Sample size          10832
country              Mozambique
coverage             National
year                 2008
timespan             UnDefined
measure              Consumption
iso3c                MOZ
source               MOZ_N2008X
format               Unit record

These next few conversions don't really work.

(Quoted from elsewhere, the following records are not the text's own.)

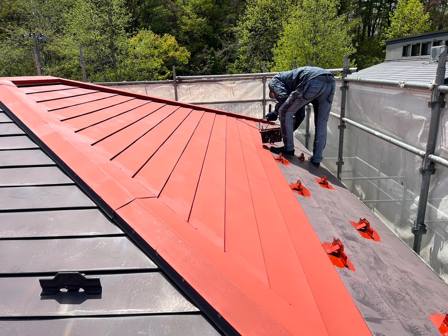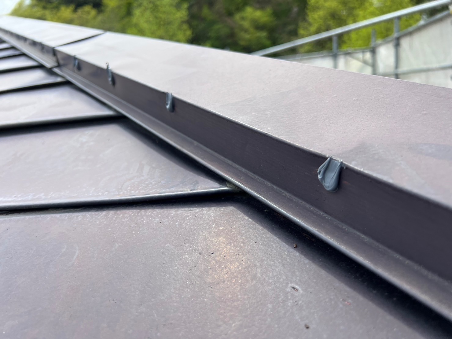 ここでのポイントは、雪止め金物の部分と、屋根の重なり目になります。
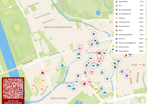 Erholung bieten der Elstermühlgraben (nur 50 m entfernt), der Stadthafen (450 m), der Johannapark (1 km) und der Clara-Zetkin-Park – perfekte Orte für Spaziergänge und Entspannung im Grünen.
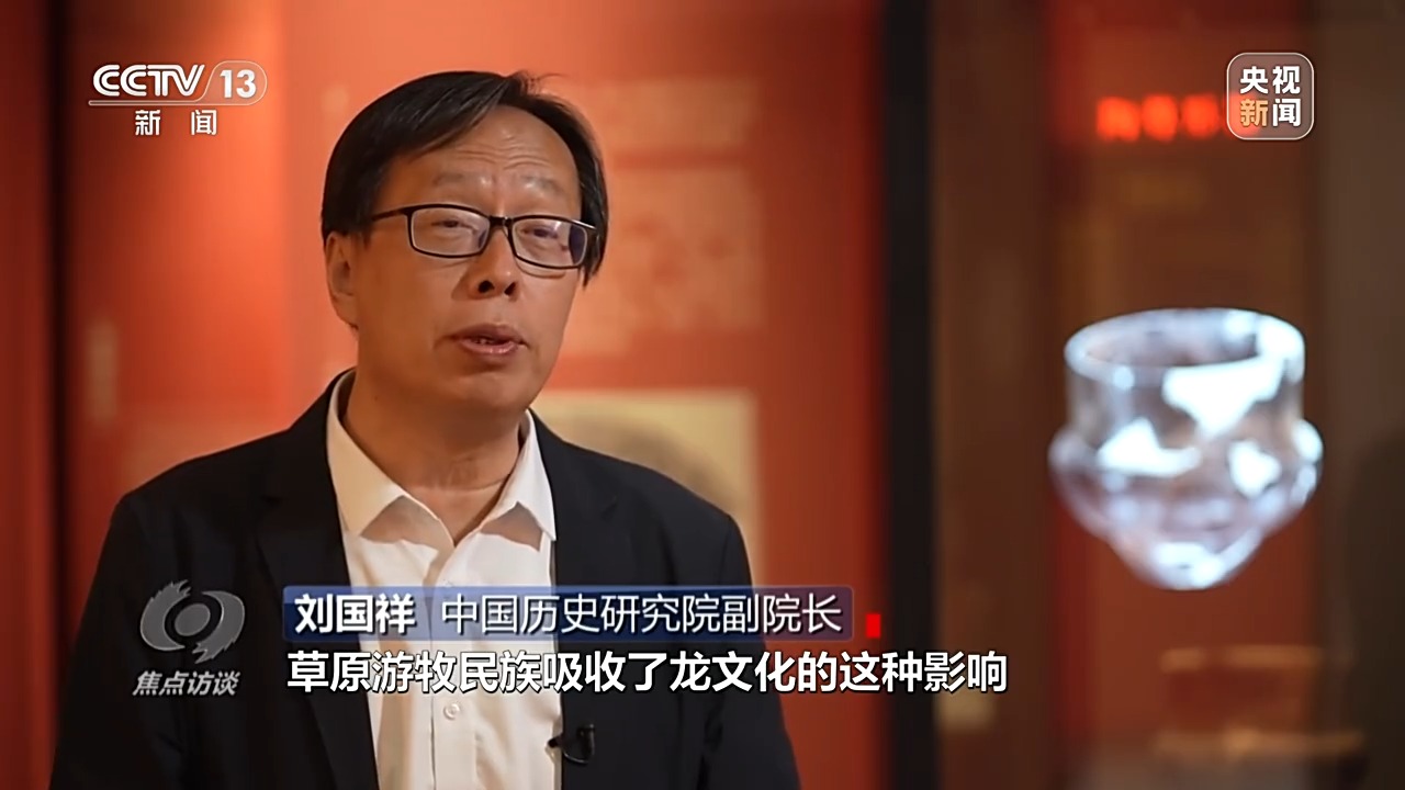 中國歷史研究院副院長 劉國祥:展覽之中,我們發(fā)現(xiàn)了一件匈奴的王冠,上面是一只鳥,下面一圈有虎、馬、龍,而且龍是草原龍的形象,草原游牧民族吸收了龍文化的影響。
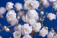 Koop dit bloemen kunstwerk Blauw met witte bloemetjes van Marjolijn van den Berg op canvas, aluminium dibond, (ingelijste) fotoprint, behang en ArtFrame, op maat geprint in Fine-Art kwaliteit.
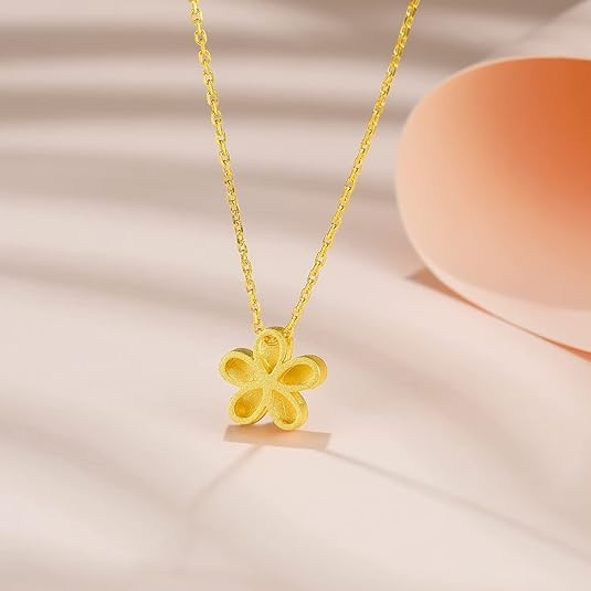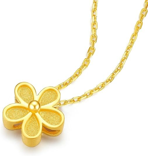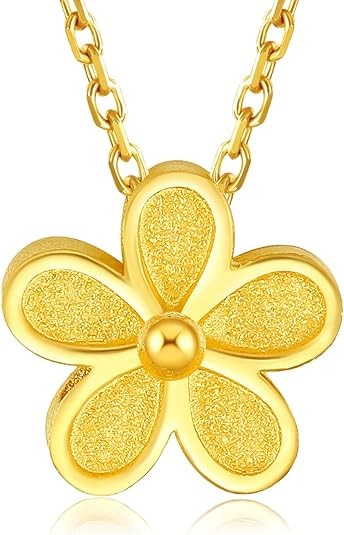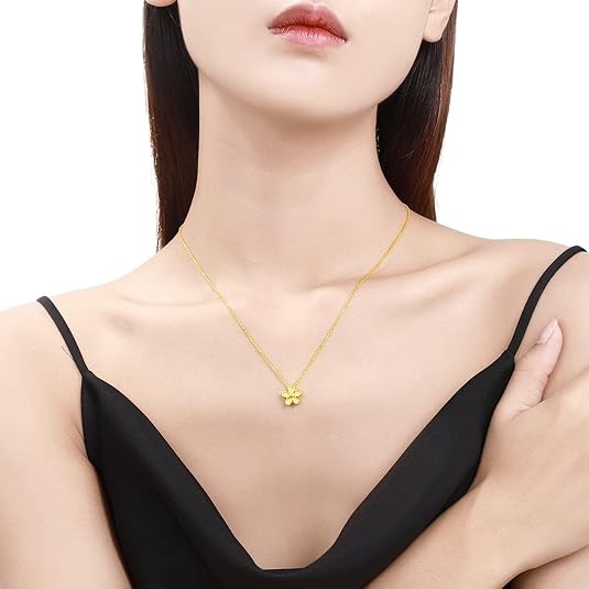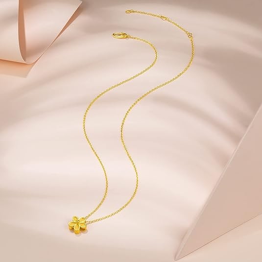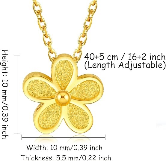 24K Solid Gold Pendant Necklace for Women, Real Pure Gold Jewelry Dainty Elegant Flower Pendant Chain for Men Girlfriend
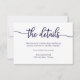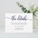 Cartão de Detalhes do Casamento Branco Azul Marinho Caligrafia
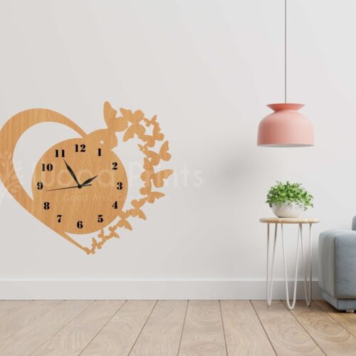Wooden heart shape fancy clock
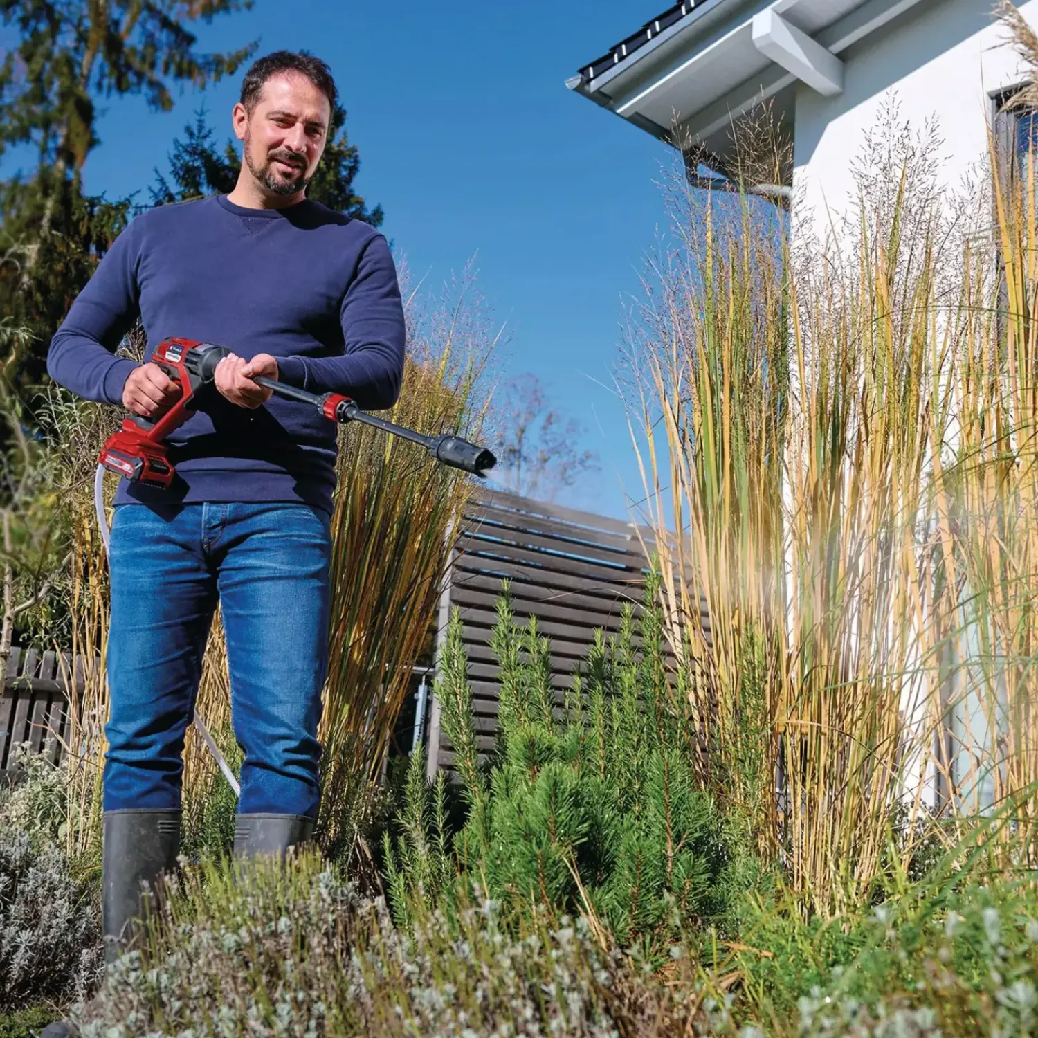 Einhell akku-højtryksrenseren HYPRESSO 18/24-1 sikrer kabelløs fleksibilitet ved rengøring og vanding rundt om i haven og på terrassen. Akku-højtryksrenseren indgår i Power X-Change-familien, hvor alle akkuer, opladere og systemmaskiner kan kombineres fleksibelt med hinanden. Akku-højtryksrenseren arbejder med et moderat tryk på maks. 24 bar og en pumpemængde på maks. 240 liter vand i timen. Takket være Eco-tilstanden er det muligt at forlænge højtryksrenserens akku-driftstid for det kompakte rengøringsapparatet pr. knaptryk. Sprøjtepistolen er udstyret med en dyse med 4 indstillinger. Den kan levere punktstråle og bred stråle samt sprøjtestråle til vanding og rotationsstråle til rengøring af fastsiddende snavs. Minihøjtryksrenseren med moderat tryk kan ikke bare sluttes direkte til haveslangen via slangestudsen, den kan også suge vand op af spande, dunke eller en lille dam takket være den 5 meter lange sugeslange med vandfilter. For at kunne anvende vand fra almindelige PET-flasker på farten medfølger en flaskeadapter. Ligeledes medfølger to forlængerlanser, en skumsprøjteflaske, som egner sig perfekt til bilvask, og en netpose til opbevaring af tilbehøret. Endvidere medfølger en beskyttelse mod vandsprøjt, som blot trækkes på Power X-Change-akkuen som ekstra beskyttelse mod vand og fugt. Akku-højtryksrenseren HYPRESSO 18/24-1 leveres uden akku og uden oplader. Disse kan købes separat.

The PPP data field seems wrong.


In [1071]:
# Check poverty line conversion
DAYS_PER_MONTH = 30.4167
line_month_ppp_calc = d['inputs']['line_day_ppp'] * DAYS_PER_MONTH
line_month_ppp_given = d['inputs']['line_month_ppp']
myassert("Poverty line (PPP):", line_month_ppp_calc, line_month_ppp_given)

ppp = d['inputs']['ppp']

line_month_lcu_calc = line_month_ppp_calc * ppp
line_month_lcu_given = d['inputs']['line_month_lcu']
myassert("Poverty line (LCU):", line_month_lcu_calc, line_month_lcu_given)


Poverty line (PPP): 	computed =       57.792	given =       57.792	difference = 0.0%
Poverty line (LCU): 	computed =       897.35	given =       709.28	difference = 26.515%

In [1072]:
# Check data mean
sample_mean_ppp_calc = d['sample']['mean_month_lcu'] / ppp
sample_mean_ppp_given = d['sample']['mean_month_ppp']
myassert("Data mean (PPP):", sample_mean_ppp_calc, sample_mean_ppp_given)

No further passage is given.